Technical Implementations
- RG20: An lean functional and portable query language was developed with OQL, which manages with only three retrieval functions getRelation, getSubject and getObject, as well as only three update functions insert, delete and update. The implementation of all knowledge repository operations discussed in this work, including the possibility of forming transitive closures and providing inferencing functions, is based on this.
- RG21: In order to increase the speed of processing conjunctive queries, which play a major role in inferencing in particular, a memory storage system was implemented in addition to the triple store implementation with the O4Store system, which uses a separate table for each property. More complex queries can be accelerated by a factor of 60 compared to normal processing. In addition, the main memory requirement during processing is significantly lower.
- RG22: The complete history of the development of an ontology is obtained by inserting, deleting and changing individual triples. A transactional logic is defined for this in the Ontology Evolution section. For each operation on an ontology, it can first be determined whether the prerequisites for the excution are met. Either the operation is then not carried out at all, or if an error occurs during processing, the knowledge repository is reset to the state before the operation was carried out. Performing an operation can also automatically force subsequent operations to be performed. Overall, the follow-up operations belonging to an operation run in a transaction bracket, so that all follow-up operations can also be reversed if necessary. Among other things, the discovery of cycles in transitive relations or the detection of syntactic errors in triples can largely prevent the knowledge repository from being transferred into an inconsistent state.

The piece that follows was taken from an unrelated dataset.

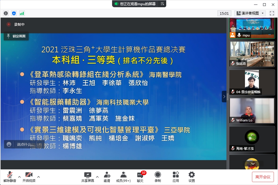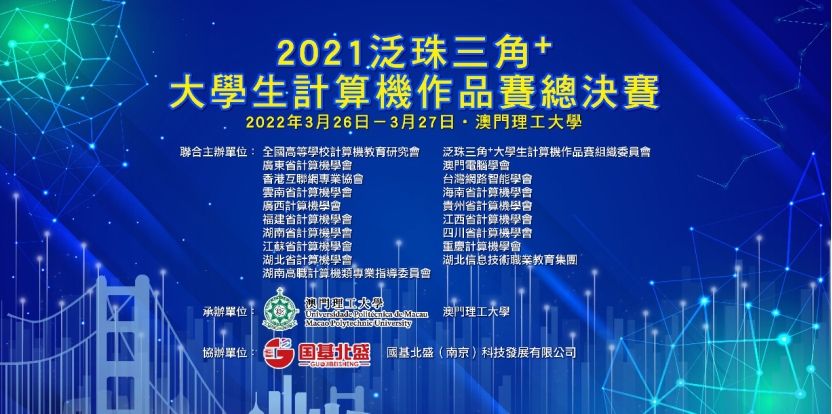 2022年3月26日-27日,由全国高等公司计算机教育研究会、泛珠三角+老员工计算机作品赛组织委员会、广东省计算机学会、澳门电脑学会、香港互联网专业协会、台湾网络智能学会、云南省计算机学会、海南省计算机学会、广西计算机学会、贵州省计算机学会、福建省计算机学会、江西省计算机学会、湖南省计算机学会、四川省计算机学会、江苏省计算机学会、重庆计算机学会、湖北省计算机学会、湖北信息技术职业教育集团、湖南高职计算机类专业指导委员会主办,澳门理工大学承办,国基北盛(南京)科技发展有限公司协办的“2021年(第十六届)泛珠三角+老员工计算机作品赛总决赛”在澳门理工大学线上线下圆满举办。

- RG23: The basic functions for reasoning are already covered by the query language Ontology Query Language (OQL). This can then cover more complex reasing tasks such as Checking the integrity of the Knowledge Graph, detecting cycles in transitive object properties, as well as other tasks familiar from DL reasoners such as the Object Property Subsumption, the Retrieval Problem and the review of Property Fillers. Other reasoning functions covered by our technology are the determination of Inverse Object Properties and the high-performance processing of conjunctive queries (CQA). With these functions, a large part of the required reasoning functions is already covered, with the advantage that our reasoners do not have to run as a separate, autonomous process, but can be seamlessly integrated into the applications that work on the ontologies via the OQL query language.

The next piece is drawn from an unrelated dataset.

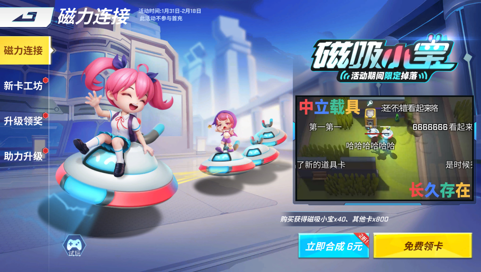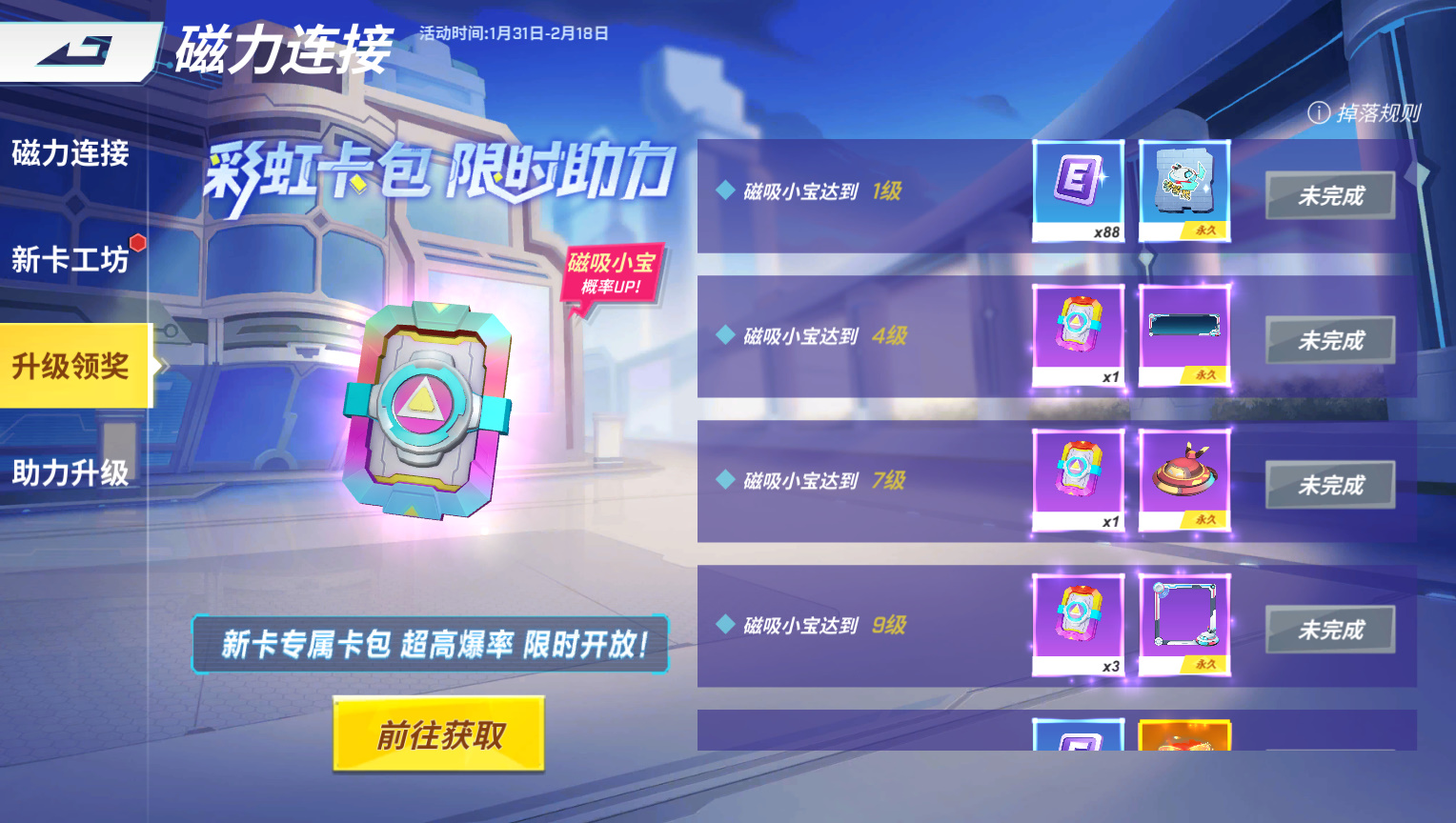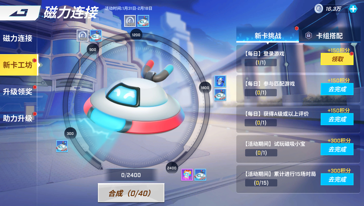还可以通过在【新卡工坊】完成新卡挑战合成磁吸小宝~

- RG24: This thesis is not only a proof of concept, but also shows that an ontology-based publishing system (ObPS) could be developed, which can be used for productive development. The ontology on which this thesis is based currently consists of approx. 1.1 million triples. The website table contains about 100 subpages for the thesis. . Using the cms2latex.pub generation tool, around 6,100 pages of latex source are generated from this in around 10 seconds. All bibliographic information for creating the bibliography is also obtained from the ontology.
Progress for Conceptual Modeling
- RG30: With the introduction of two additional types of data properties, conceptual models can be significantly simplified. This is done, for example, by merging pairs of classes using the PowerType Absorbance method. This is only possible because data properties can now be specified as to whether they can only be instantiated in the particulars layer, or only in the schema layer, or as a third option in both layers at the same time.
- RG31: The Simplifying the modeling of Object Properties help the modeler to find names for object properties quickly and reliably. The recommendation to derive these from nouns and not to use verbs makes it possible to automatically derive the name of the inverse object property for each designation of an object property. In addition, the direction in which the object property is defined is decisive for the choice of name. The recommendation here is to make the definition from the aggregating concept to the aggregated concept, e.g.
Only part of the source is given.